Basically, right now, anybody can stick a plaque on the wall and call himself or herself a mediator because there is nothing to say otherwise. The Mediation Act sets the groundwork for where we are in this space but a mediation council is needed. Someone who is thinking about using mediation, particularly coming from a conflict space the Senator is talking about, needs to know the competency of a mediator, the training standards of the mediator, and that there is a complaints procedure and that there is somewhere the person can go if the mediator does a bad job. If they meet Mr. Ó hUallacháin's mediator, the one that allowed the bullying, in all seriousness, they need to have a forum where they can make a complaint about the negligent behaviour of that mediator. It is important.
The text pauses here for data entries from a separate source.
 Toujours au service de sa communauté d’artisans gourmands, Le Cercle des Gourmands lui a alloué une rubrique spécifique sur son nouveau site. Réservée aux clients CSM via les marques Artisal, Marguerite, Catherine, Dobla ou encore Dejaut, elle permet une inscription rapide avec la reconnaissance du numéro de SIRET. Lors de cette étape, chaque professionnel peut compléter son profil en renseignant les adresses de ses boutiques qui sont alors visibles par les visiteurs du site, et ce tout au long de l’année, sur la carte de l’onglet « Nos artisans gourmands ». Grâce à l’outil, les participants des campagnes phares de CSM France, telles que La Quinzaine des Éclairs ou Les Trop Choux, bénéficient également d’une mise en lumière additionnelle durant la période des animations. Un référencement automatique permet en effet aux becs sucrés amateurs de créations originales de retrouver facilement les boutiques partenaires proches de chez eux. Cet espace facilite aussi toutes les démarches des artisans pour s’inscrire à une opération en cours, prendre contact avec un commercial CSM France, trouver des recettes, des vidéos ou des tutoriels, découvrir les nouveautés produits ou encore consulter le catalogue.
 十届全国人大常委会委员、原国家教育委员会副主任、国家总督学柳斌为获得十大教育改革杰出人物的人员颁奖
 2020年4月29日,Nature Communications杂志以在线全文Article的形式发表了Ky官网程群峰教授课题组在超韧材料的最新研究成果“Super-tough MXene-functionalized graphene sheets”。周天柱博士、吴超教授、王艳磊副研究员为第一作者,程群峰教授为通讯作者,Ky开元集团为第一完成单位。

I will go back to what I said at the start. The earliest intervention possible - Senator Black hit the nail on the head - is exactly how we should be thinking. If families know that the State has support systems, they will think they will go to this mediator immediately. In the State sector, they go to the FRC, and the mediator starts working with them and sees addiction problems or mental health problems. Mental health is popping up in many of the cases I am working with. Then that mediator can reach out within the FRC and organise for that family, parent or child to get that support in the centre's rainbow of resources. I love the way Senator Black phrased it. When one helps people that early, it stops the conflict beginning to get legs and walk.
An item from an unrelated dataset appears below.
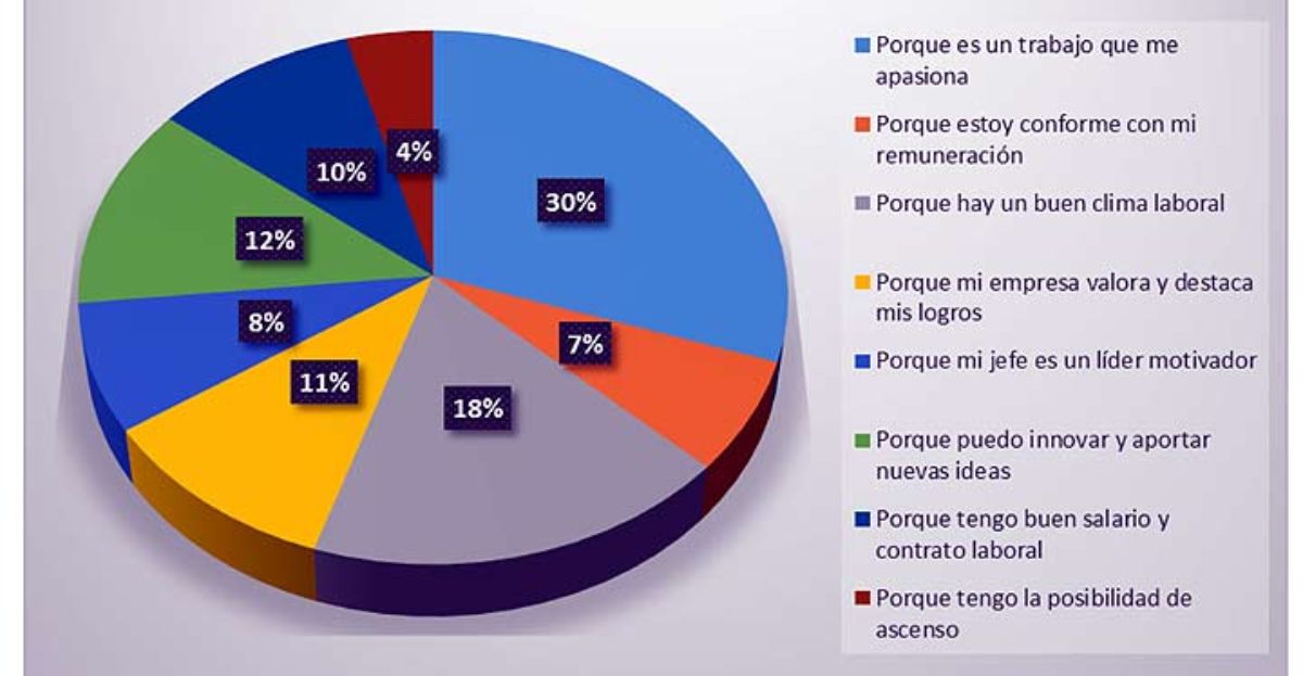 ¿Cuáles son las razones principales para que las personas se sientan a gusto con su lugar de trabajo? De las personas que indicaron en la anterior pregunta que sí estaban felices con su trabajo, un 30 % indicó que se siente bien en su puesto porque es un trabajo que le apasiona, un 18 % porque hay un buen clima laboral, un 12 % porque puede innovar y aportar nuevas ideas, un 11 % porque su empresa valora y destaca sus logros, 10 % porque tiene un buen salario y contrato laboral, un 8 % porque su jefe es un líder motivador, un 7 % porque está conforme con su remuneración y un 4 % porque tiene posibilidad de ascenso.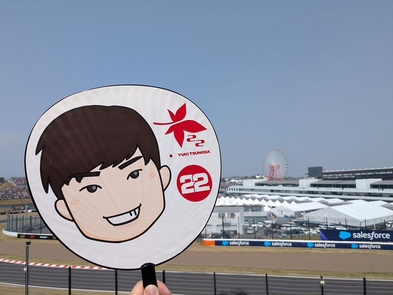 角田裕毅応援席で見るからにはこちらも持っていかないと、ということで角田君イラストをあしらったウチワを今年も持ってきました。

One of the pieces here is that we all know that people do not want to be in conflict. What I would disagree on is that once people get into the war zone of the court system - I did myself - one goes to war, one is encouraged to stay at war and one will keep fighting. I did; I will hold my hand up. What we have to do is try.

This discussion is about reforming the family law courts. I reiterate that we are starting the conversation at the wrong place. We start with how do we keep people out of the family law courts and how do we keep them appropriate supports. It is early intervention.